It doesn't make sense that the post would need to be so much harder than the nuts that run on it. Brass is very soft by comparison, even if "hard" brass.  I've handled hand planes for over 60 years and have yet to encounter one with worn out threads. I have encountered rust and corrosion under the nuts, but hardness will not "fix" that. Even mild steel will be harder than the cast iron it screws into at the bottom.  I would rather ruin the post than bugger the relatively delicate threads in the sole.  

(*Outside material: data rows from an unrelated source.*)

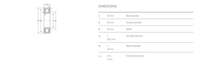 30.00 mm ID x 55.00 mm OD x 13.00 mm Width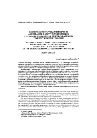Dobos, László (2016) Kormenedzsment, tudástranszfer és a generációk közötti együttműködés a Harmadik Kor Egyeteme Miskolc Alapítvány tevékenységeinek tükrében = Age management, knowledge transfer and cooperation between generations in the light of The University Of The Third Age Miskolc Foundation's activities. ALKALMAZOTT NYELVÉSZETI KÖZLEMÉNYEK, 11 (1). pp. 40-52. ISSN 1788-9979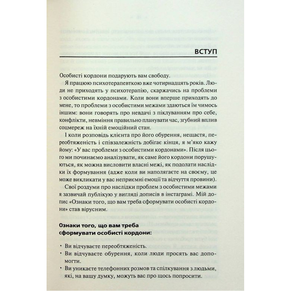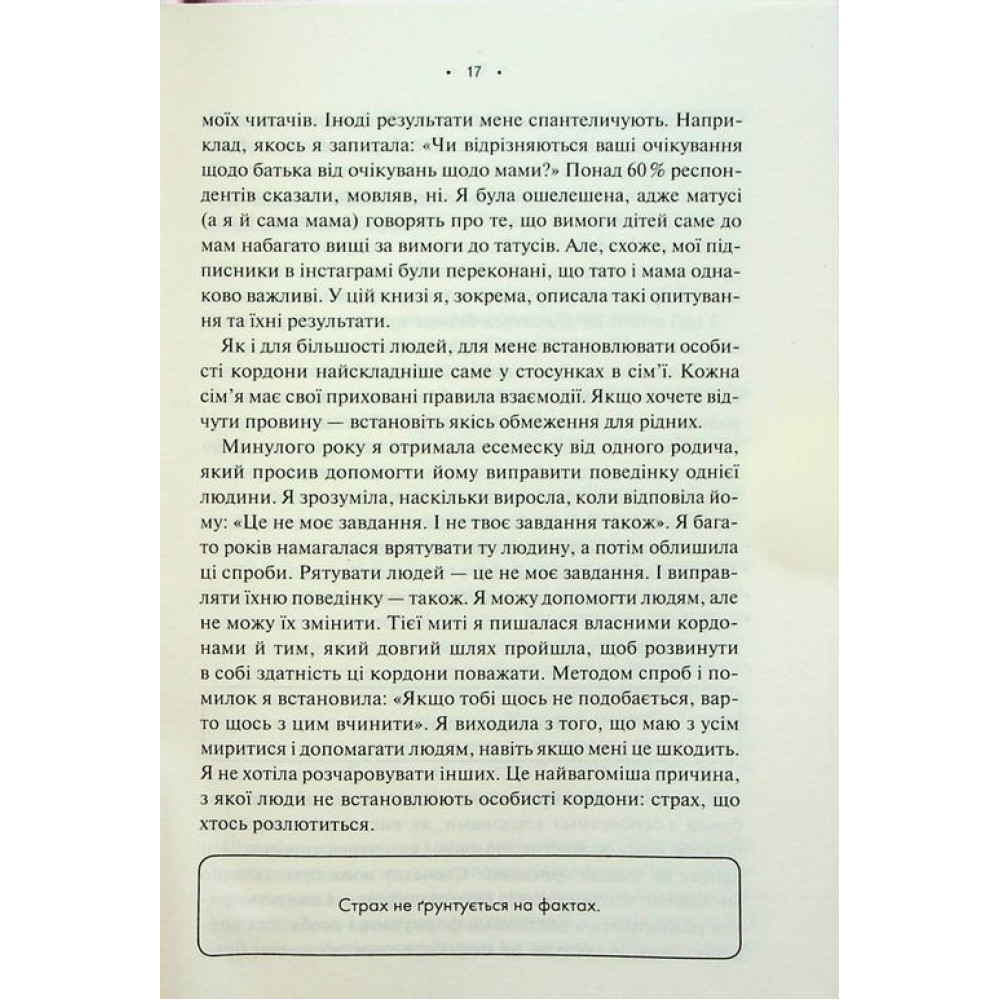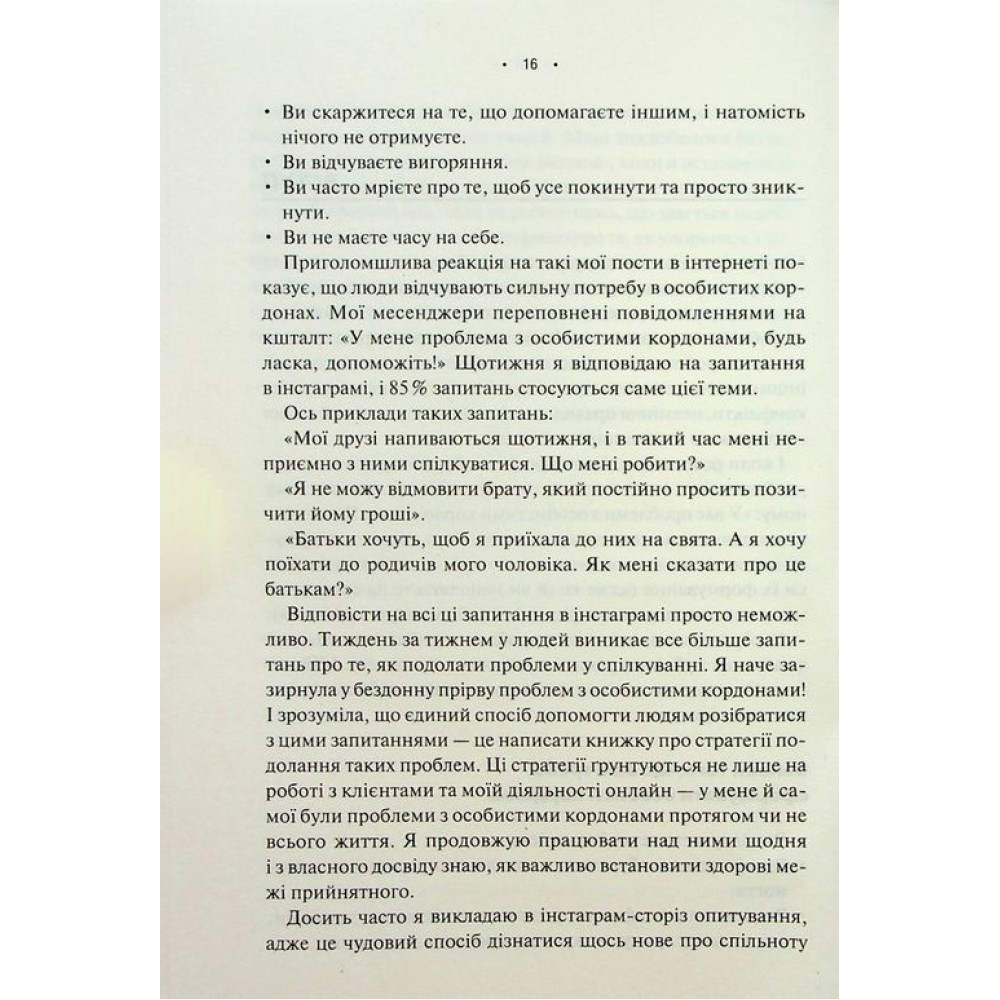 Це ідеальна книга для тих, хто залежний від чужої думки та занадто догоджає іншим, або, наприклад має складні стосунки з батьками, партнером, колегами й тим часом страждає від тривожності, вигорання, емоційного виснаження тощо.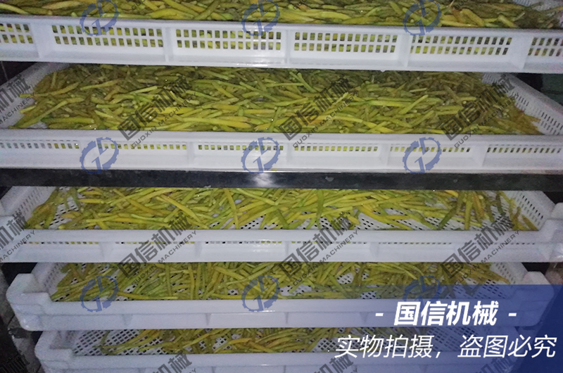 黃花菜烘干房按照產(chǎn)量大小,可以分為大型、中型和小型三種: 小型烘干房的產(chǎn)量可以日烘干處理黃花菜鮮貨200公斤到800公斤,一共可放置96個標(biāo)準(zhǔn)托盤,托盤尺寸為430毫米寬、750毫米長。相當(dāng)于每個托盤可以放置8公斤左右的鮮黃花菜片。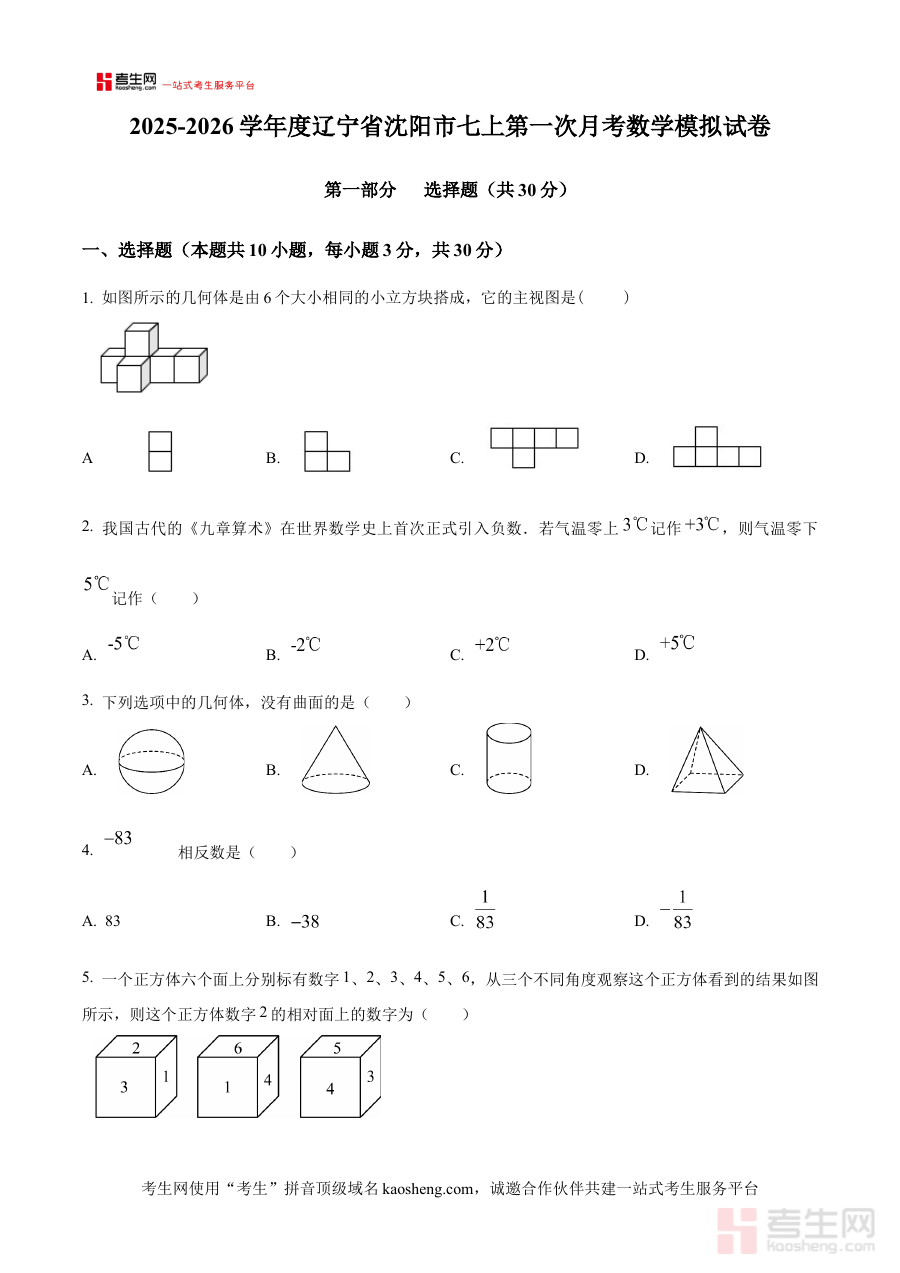 《精品解析:辽宁省沈阳市2025-2026学年七年级上学期第一次月考数学模拟(原卷版)》是面向辽宁省沈阳市2025至2026学年七年级学生推出的数学学科阶段性备考资料,紧密围绕该学年上学期第一次月考的考查范围与区域命题特点设计,旨在为学生提供贴合本地教学实际的模拟练习资源,助力其提前适应月考的考查形式与内容要求,为后续的学习与考试做好准备。
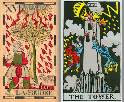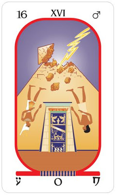 The Lightning-struck Tower (Egyptian tarot). Struck on the crown/apex/peak.
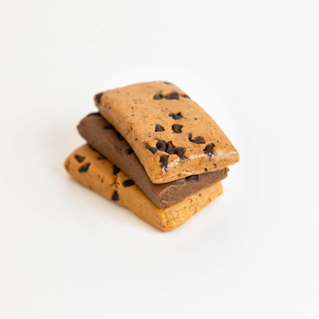 BARRA PROTEICA POST WORKOUT BIGUAL CAFÉ 50 G: pasta de maní, clara de huevo deshidratada, endulzada con miel, chips de chocolate blanco y cacao amargo.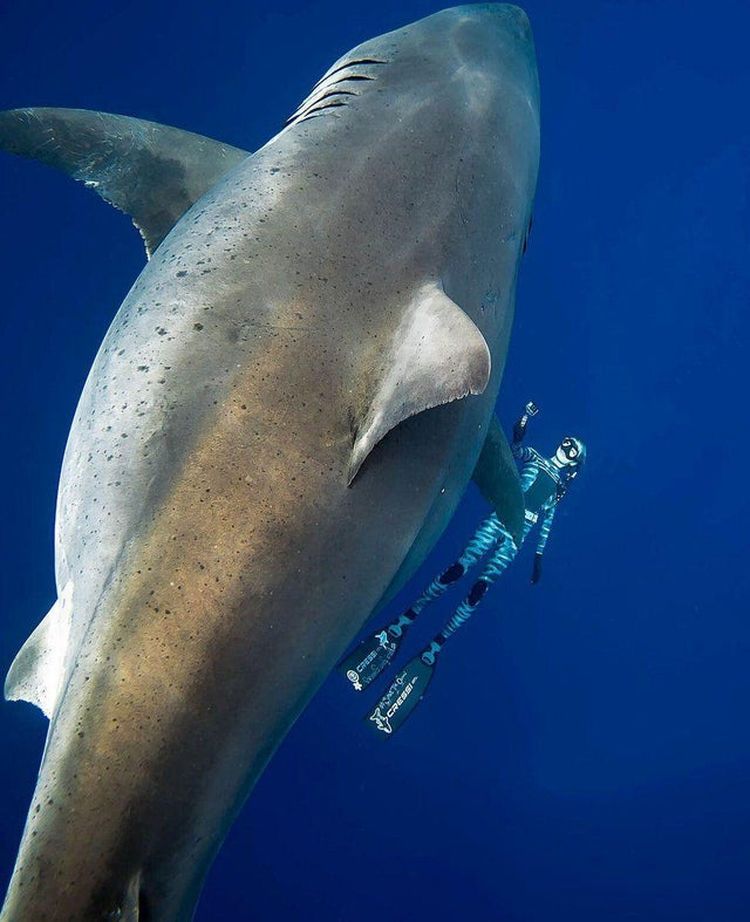 Дайвер по сравнению с самкой белой акулы, которая была обнаружена у побережья Гавайев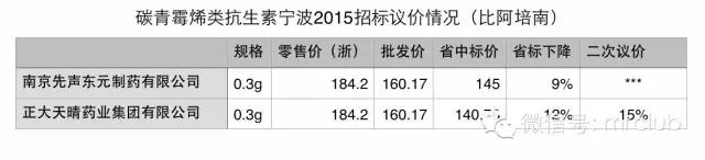 先聲和正大天晴兩個比阿培南在浙江備案的零售價是一樣的,因為比阿培南廠家少,先聲在省標(biāo)時報了一個謹(jǐn)慎的價格,較批發(fā)價來說僅降了9個點,正大天晴則降了12個點,前天寧波二次議價結(jié)果出來如何呢?據(jù)說在此基礎(chǔ)上又降了15個點,但仍然出局了!
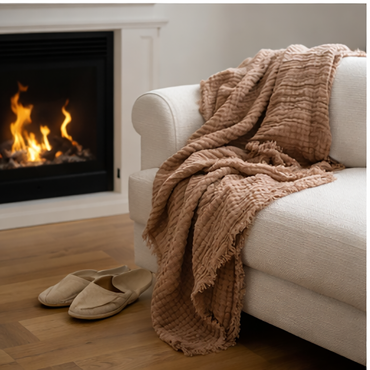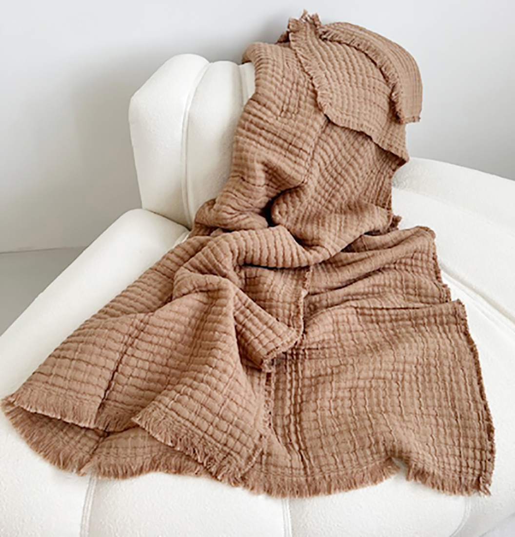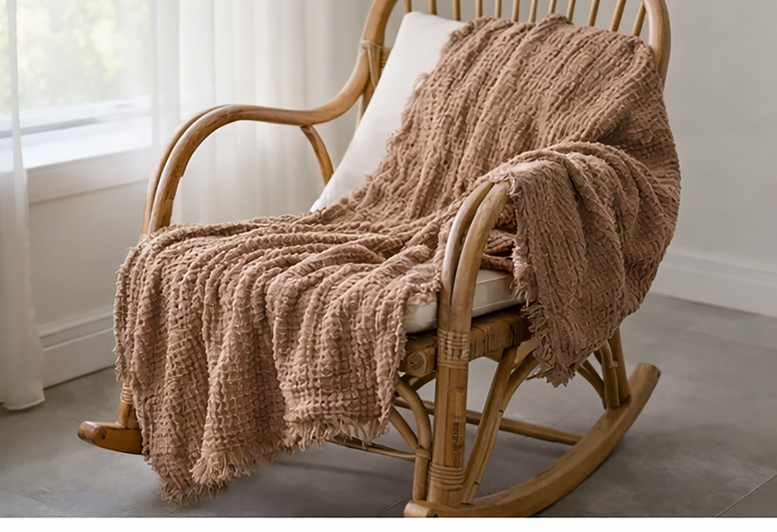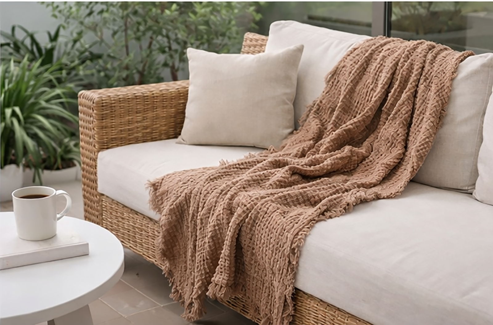 Designed for versatile functionality, it can be draped over a sofa, folded neatly at the foot of a bed, or used as a cozy wrap while reading or relaxing. Its refined finish and natural texture add warmth, elegance, and personality to any living environment.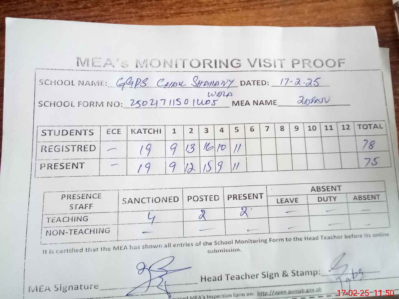 | Attendance Register | Head Teacher | MEA with School | Visit Proof |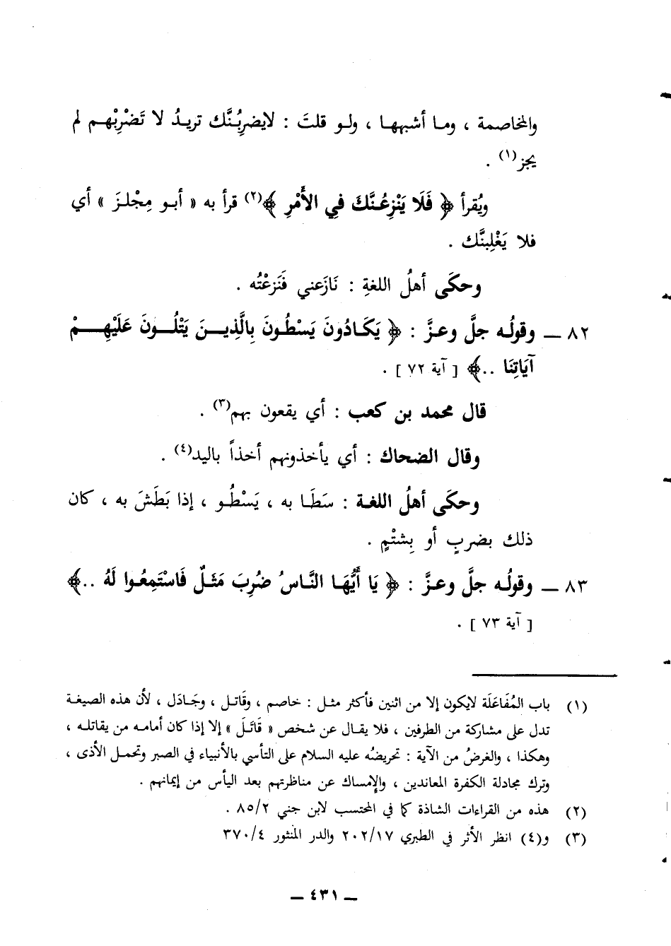 والمخاصمة وما أشبهها ولو قلت لا يضربنك تريد لا تضربهم لم يجز ويقرأ فلا ينزعنك في الأمر قرأ به أبو مجلز أي فلا يغلبنك وحكى أهل اللغة نازعني فنزعته 82 - وقوله جل وعز يكادون يسطون بالذين يتلون عليهم آياتنا آية 72 قال محمد بن كعب أي يقعون بهم وقال الضحاك أي يأخذونهم أخذا باليد وحكى أهل اللغة سطا به يسطو إذا بطش به كان ذلك بضرب أو بشتم 83 - وقوله جل وعز يا أيها الناس ضرب مثل فاستمعوا له آية 73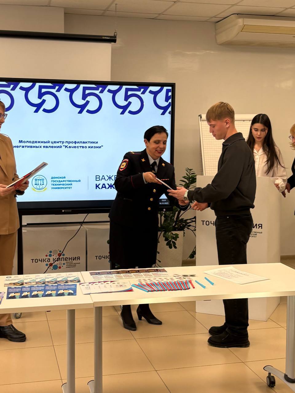 Перед Новогодними праздниками в Донском государственном техническом университете прошло поздравление и награждение волонтеров, из числа студентов университета, показавших себя в течение 2025 года лучшими в волонтерстве, в том числе в работе по профилактике негативных явлений среди студентов и школьников.

Are there any examples of "worn" posts available?  I would want to confirm his conclusion to be sure it is indeed worn and not corroded. Part of that show should include the nuts that wore it out...
DanK


----------



## Dan Krager (Feb 22, 2022)

The original post indicated 1/4"-24.  Your "find" you said was 1/4"-28.  Not compatible sizes.... ?????
DanK


----------



## mwebster51 (Feb 22, 2022)

Dan Krager said:


> Single point means cutting the threads on a lathe with a single point 60°cutter. It is not trivial in a long skinny application like this because the rod would have to be supported very near the point of cutting, i.e. a follower is going to be needed. Single point cutting requires several passes to complete the thread making this a very time consuming method.
> 
> It doesn't make sense that the post would need to be so much harder than the nuts that run on it. Brass is very soft by comparison, even if "hard" brass.  I've handled hand planes for over 60 years and have yet to encounter one with worn out threads. I have encountered rust and corrosion under the nuts, but hardness will not "fix" that. Even mild steel will be harder than the cast iron it screws into at the bottom.  I would rather ruin the post than bugger the relatively delicate threads in the sole.
> 
> ...


Point taken, thanks for the single point explanation


----------



## mwebster51 (Feb 22, 2022)

Dan Krager said:


> The original post indicated 1/4"-24.  Your "find" you said was 1/4"-28.  Not compatible sizes.... ?????
> DanK


Not sure who you were directing this reply to... but I didn't "find" the 1/4-28. I am only referring to 1/4 24s


----------



## Dan Krager (Feb 22, 2022)

My bad.  I was way back on the first page without realizing more pages were up.  And I often don't check the poster if the reply fits the rhythm...
Good luck.  

I'm half interested as a hobbyist doing small items, but shipping would be prohibitive. 

DanK


----------



## woodchucker (Feb 22, 2022)

Dan Krager said:


> Single point means cutting the threads on a lathe with a single point 60°cutter. It is not trivial in a long skinny application like this because the rod would have to be supported very near the point of cutting, i.e. a follower is going to be needed. Single point cutting requires several passes to complete the thread making this a very time consuming method.
> 
> It doesn't make sense that the post would need to be so much harder than the nuts that run on it. Brass is very soft by comparison, even if "hard" brass.  I've handled hand planes for over 60 years and have yet to encounter one with worn out threads. I have encountered rust and corrosion under the nuts, but hardness will not "fix" that. Even mild steel will be harder than the cast iron it screws into at the bottom.  I would rather ruin the post than bugger the relatively delicate threads in the sole.
> 
> ...


Dan, I think the problem is not the nuts, but the adjuster it probably destroys the thread while running up and down. Think a fork or clevis on the thread.


----------



## mwebster51 (Feb 22, 2022)

Dan Krager said:


> My bad.  I was way back on the first page without realizing more pages were up.  And I often don't check the poster if the reply fits the rhythm...
> Good luck.
> 
> I'm half interested as a hobbyist doing small items, but shipping would be prohibitive.
> ...


Thanks


----------



## 682bear (Feb 22, 2022)

Just a suggestion...

I had the same problem needing some short ¼-24 studs for a Hendey lathe rebuild... I discovered that 6mm x 1.0mm threaded rod is VERY close to ¼-24...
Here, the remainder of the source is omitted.